Despite the limits placed on the scope of the application of S.124A in the Kedar Nath case, accusations and trials under sedition law have only increased significantly over the years. People from diverse backgrounds have been charged under this section. Criticism of government, policies, politicians, and dissent that can be said to be the pillars of a healthy democracy, have been often treated as sedition by the police under political pressure and thus endangering the very idea of a healthy and inclusive democracy. Even if the convictions are rare in such cases, a mere accusation and arrest can cause so much harm to the prestige, honor, and dignity of an individual who is immediately labeled as anti-national through the media trial and by the propaganda of right-wing fanatics. Writing on this issue, Justice AP Shah said that, “A parochial, selfish, narrow-minded nationalism has caused so much misfortune and misery to the world. A mad and exaggerated form of this cult of nationalism is today running rampant.”
As Gandhi said affection towards any authority can be cultivated only through mutual consent and respect and not by fear or force.

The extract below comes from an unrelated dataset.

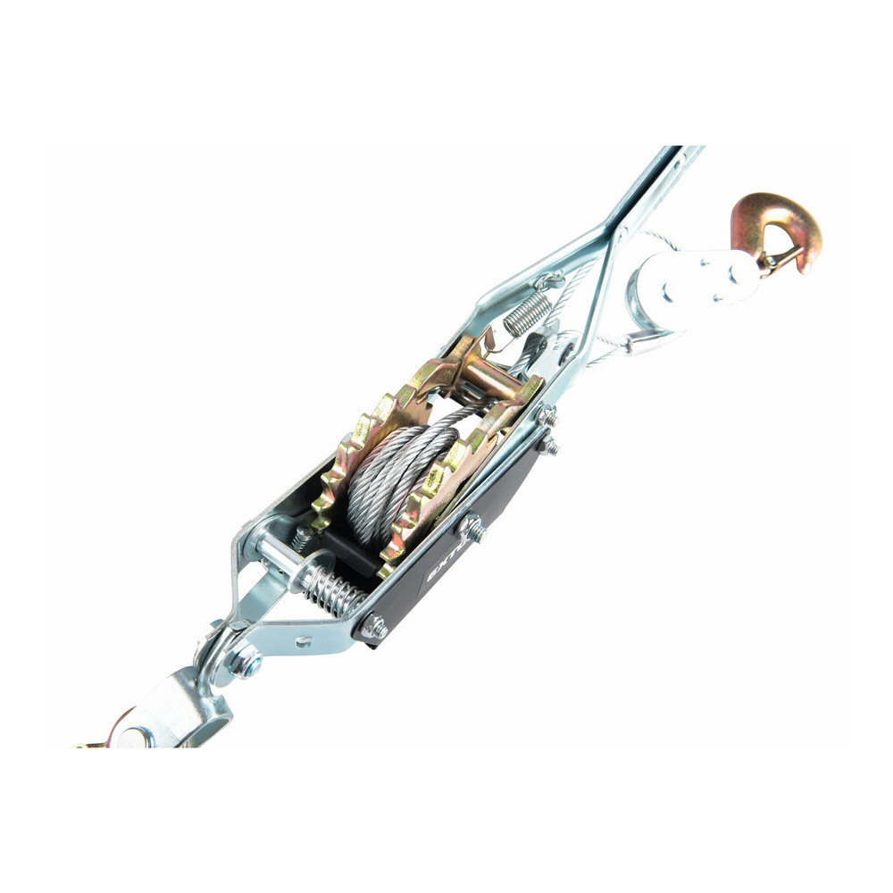 A kézi hajtású kötélcsörlő egy acél testből áll, amely dobot, fogaskerekeket és egy nagy, megfelelően kiválasztott áttételű racsnis mechanizmust tartalmaz
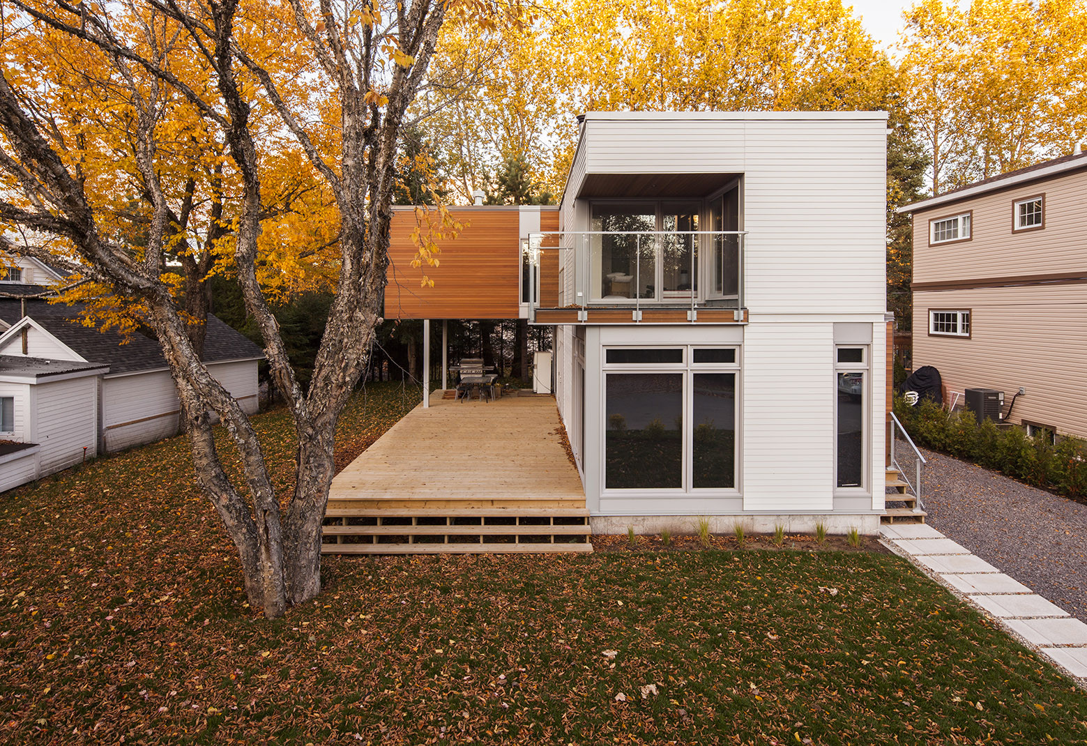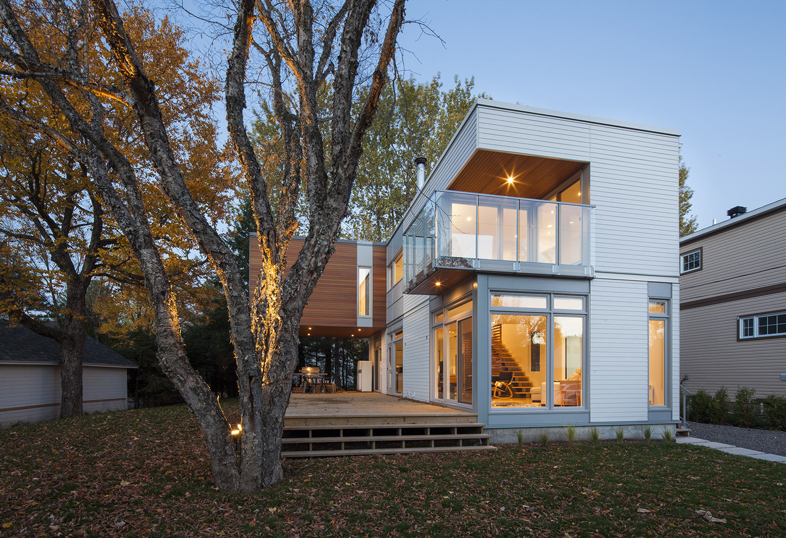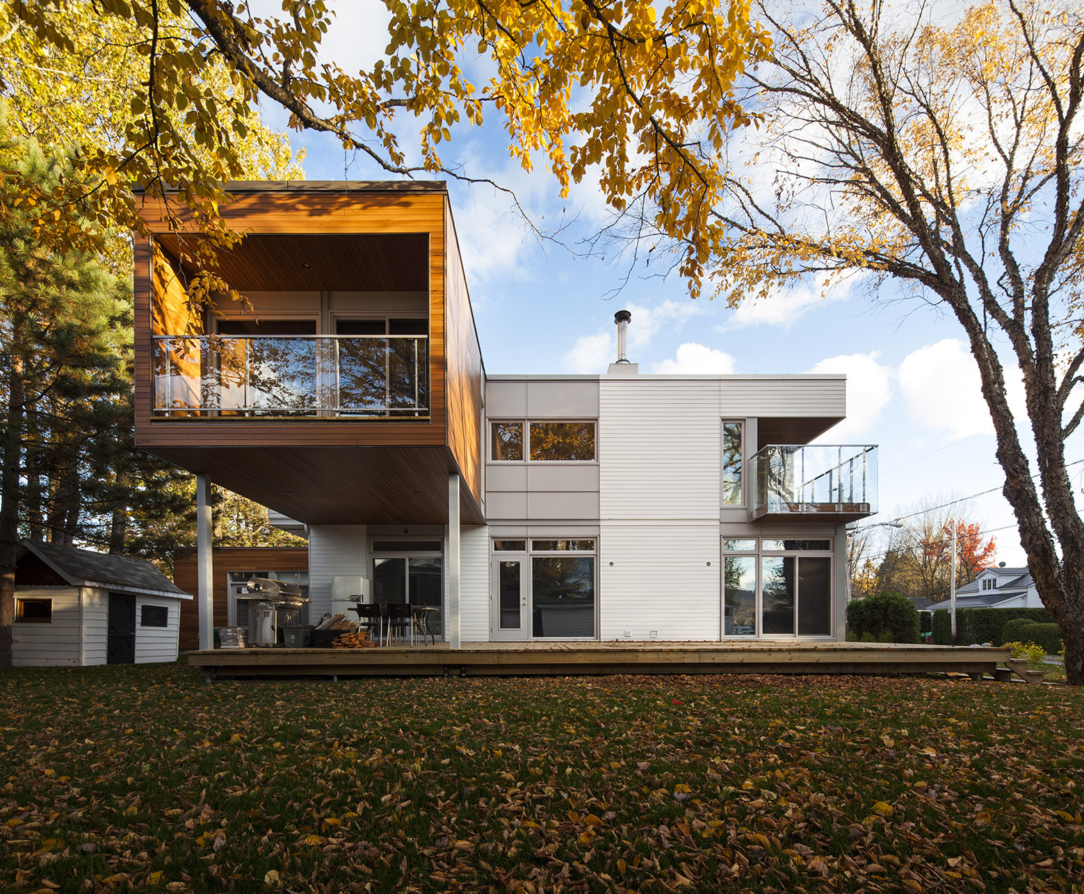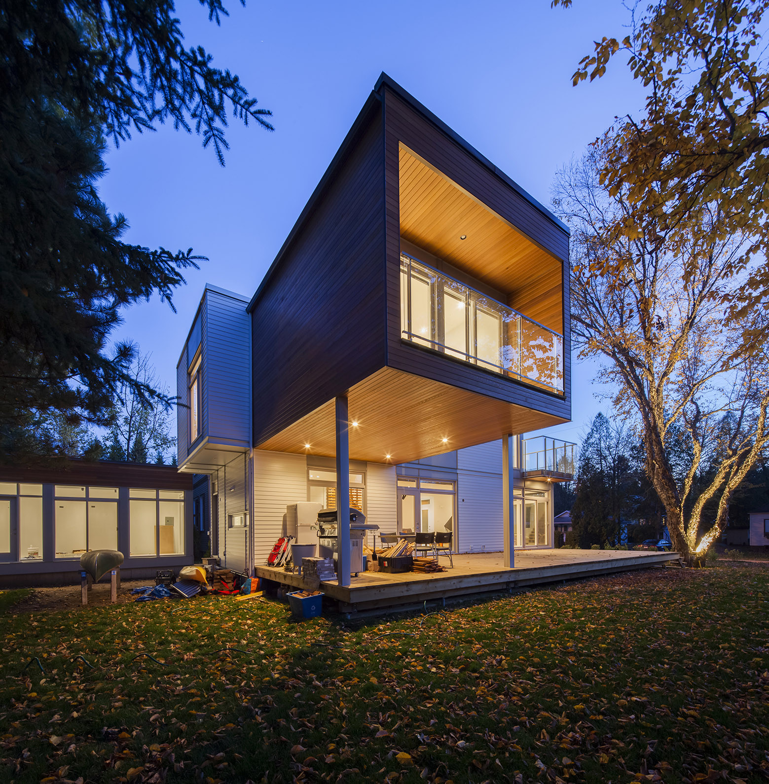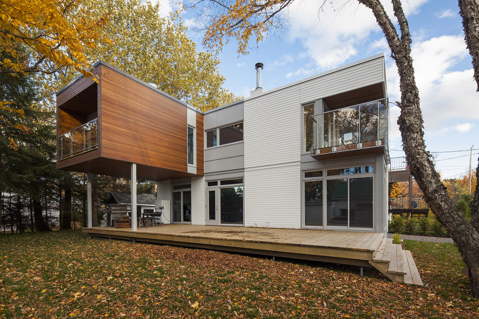 The master bedroom and its balcony projection overlook a section of the patio which spreads along the residence, defining two living spaces according to the needs. The guesthouse offers a lighten rest area. The architectural concept is defined by a contemporary reinterpretation of the vernacular architecture of Quebec’s summer cottages, especially neighboring houses.

Also, disaffection towards a government, in and of itself does not necessarily imply disaffection towards one’s nation and people. It is unfortunate that even after India became independent, this draconian law has not only survived in the statutes books but also thrived through frequent misuse. It is high time the government must review it through amendment or repeal it altogether. And given its historicity of rampant misuse, it would not be unwise to call upon the honorable Supreme Court to reconsider its decision in the Kedar Nath. Last, but not least we also must give a serious thought if our republic is so fragile that its integrity is threatened by mere sloganeering and speeches. Concerned authorities must cultivate affection towards the nation by building confidence, by using reason and through public works and not through fear and force.